··· Supplied information

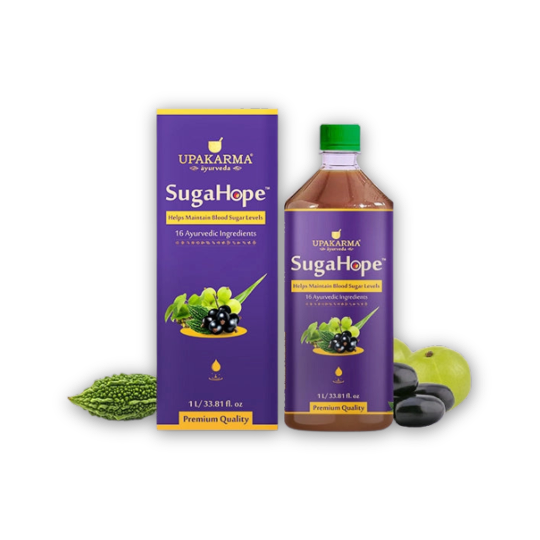 Upakarma Ayurveda SugaHope Juice er blanda af 16 ayurvedískum jurtum eins og Karela, Jamun, Gudmar, Neem, Giloy og Amla, sem hefur verið vandlega samsett til að styðja heilbrigð blóðsykursgildi á náttúrulegan hátt.
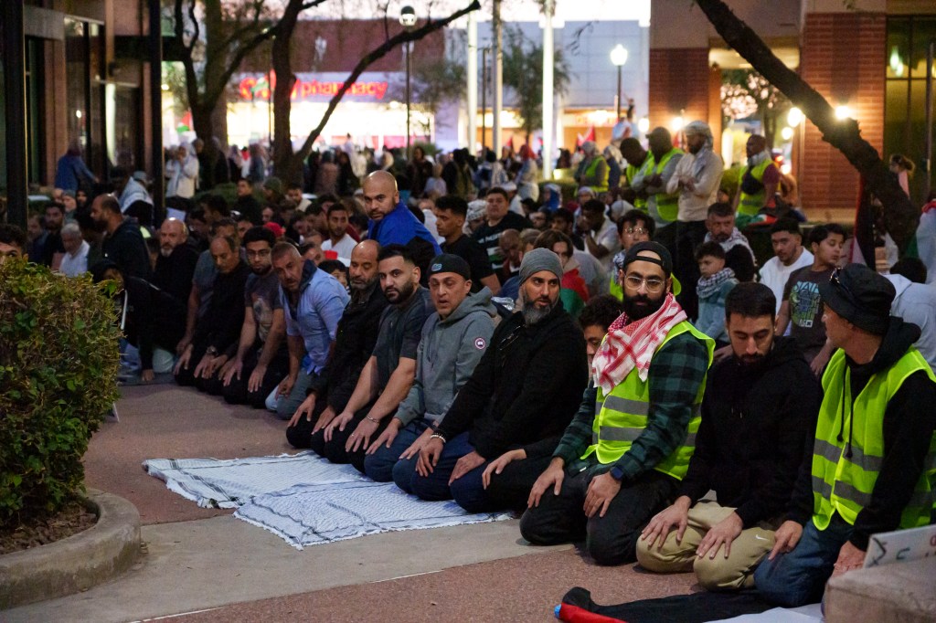 A group of protestors step away from the crowds to pray during the All Out for Palestine Rally and March at the corner of Mill Avenue and University Drive on Dec. 10, 2023, in Tempe, AZ.
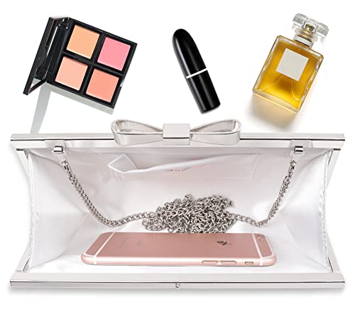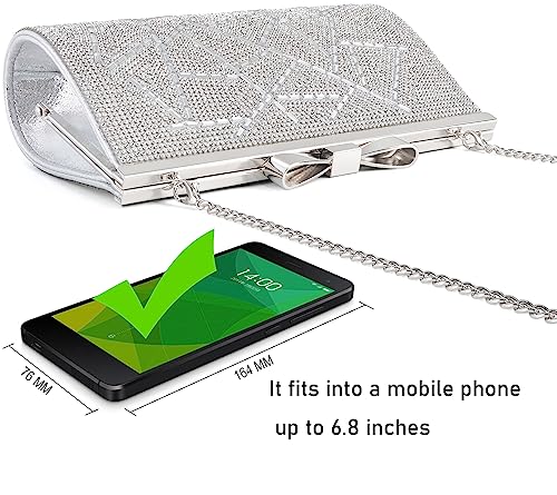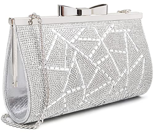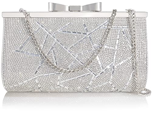 The glamorous evening clutch features allover sparkling crystals and bow metal frame.

······

▶ _Task directions_: For this exercise, restate the material exactly and skip every picture.

▶ _Written response_:
 Upakarma Ayurveda SugaHope Juice er blanda af 16 ayurvedískum jurtum eins og Karela, Jamun, Gudmar, Neem, Giloy og Amla, sem hefur verið vandlega samsett til að styðja heilbrigð blóðsykursgildi á náttúrulegan hátt.
 A group of protestors step away from the crowds to pray during the All Out for Palestine Rally and March at the corner of Mill Avenue and University Drive on Dec. 10, 2023, in Tempe, AZ.
 The glamorous evening clutch features allover sparkling crystals and bow metal frame.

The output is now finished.